En ce moment

    08/09/2020

    À peine 500 euros d’amende avec sursis

    Violence contre un supporter toulousain : le policier plaide coupable

    Par Christophe-Cécil Garnier

    En mai 2018, l’après-match de Toulouse-Lille a été marqué par une charge violente de la police. Yves, un ultra, a été frappé. Le policier auteur des coups écope d’une petite amende.

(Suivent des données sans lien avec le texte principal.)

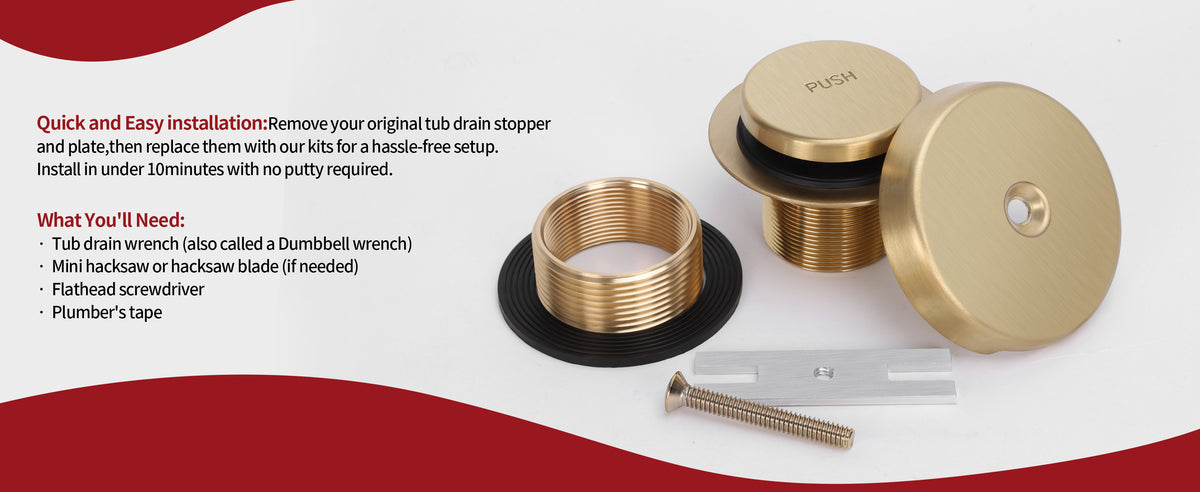 • 【Upgraded Bathtub Drain Set】: This set includes a tip-toe bathtub drain and a one-hole overflow plate, providing a stylish and effortless replacement for your problematic bathtub drain.
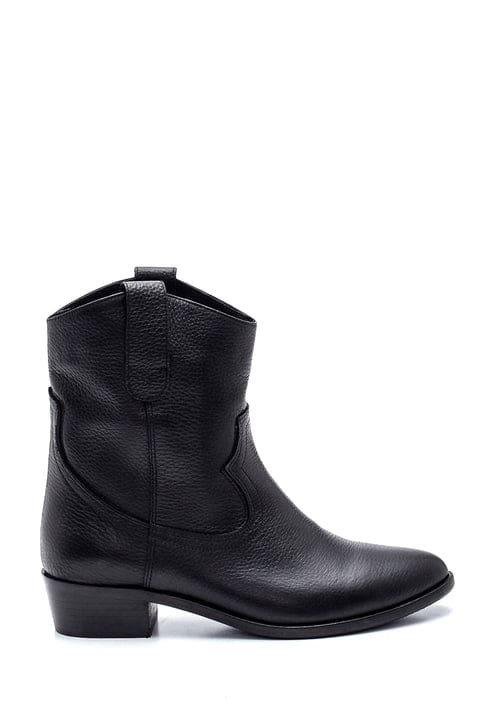 Kadın Siyah Deri Topuklu Kovboy Bot
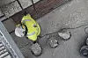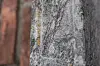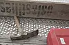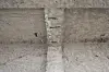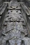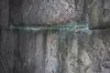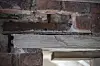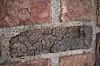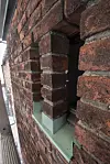 Verdigris fra de originale kobberbeslagene har også preget steinen.
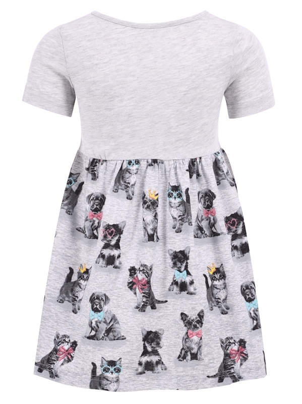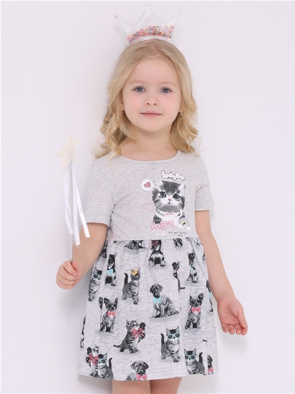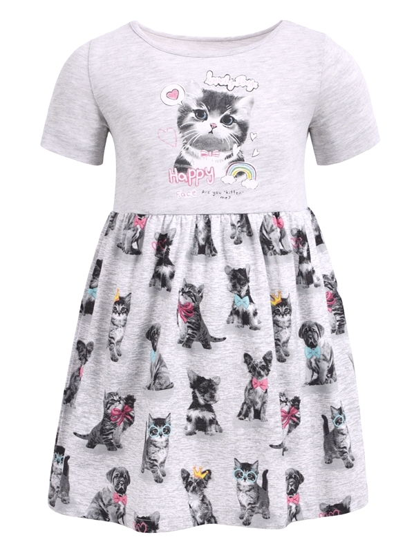 Платье для девочки выполнено из кулира - тонкого хлопкового полотна с лайкрой. Изделие с короткими рукавами, на кокетке. Веселый принт и нашивные элементы имитируют мордочку зверушки. Уход: только маш... Показать описаниеинная стирка (руками не стирать!) при температуре 40 градусов, без предварительного замачивания. Изделия с печатью и декором перед стиркой необходимо вывернуть на изнаночную сторону. Состав: кулир с лайкрой / хлопок 92% + лайкра 8%.
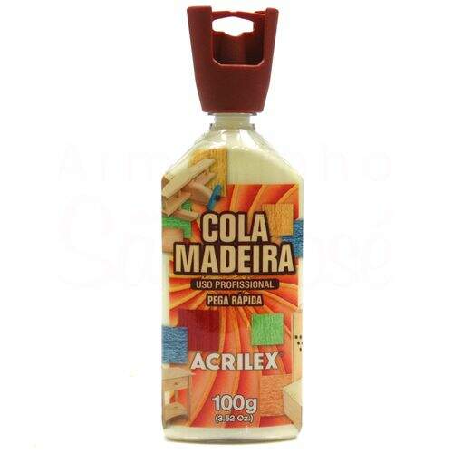 A cola para madeira Acrilex é utilizada para colagem de peças de madeira em geral como: portas, janelas, caixas, chapas, encaixes de peças de madeira, além de papel, papelão e cartões. Ideal para fabricação de móveis, possui pega rápida e firme. As superfícies que serão coladas, devem estar limpas, perfeitamente planas e secas. Aplique a Cola para madeira Acrilex diretamente com o bico (camada uniforme) em uma das superfícies e junte as partes imediatamente, antes da secagem. Mantenha as partes sob pressão até a secagem total. Não tóxica.

    Toulouse, palais de justice (31) – Dans les couloirs du Tribunal de grande instance, traversés par des avocats en robes noires et aux masques blancs, Yves détonne avec son sweatshirt violet siglé Toulouse. Ce supporter de 39 ans s’est fait frapper en mai 2018 par un policier après un match de foot entre son club et Lille. Ce lundi 7 septembre, il se tient enfin devant le juge et l’agent en question pour obtenir justice. Depuis deux ans et demi, Yves attend ce moment. « Je n’y croyais plus. »

    L’audience promet d’être rapide, car Karim H. – le policier – passe en reconnaissance préalable de culpabilité, autrement appelé le « plaider-coupable ». Les faits de « violences par une personne dépositaire de l’autorité publique sans incapacité » ont été reconnus par le pandore, il ne reste plus qu’à décider de sa peine. « C’est le bas de l’échelle pénale mais, symboliquement, c’est important », témoigne maître Pierre Debuisson, l’avocat d’Yves.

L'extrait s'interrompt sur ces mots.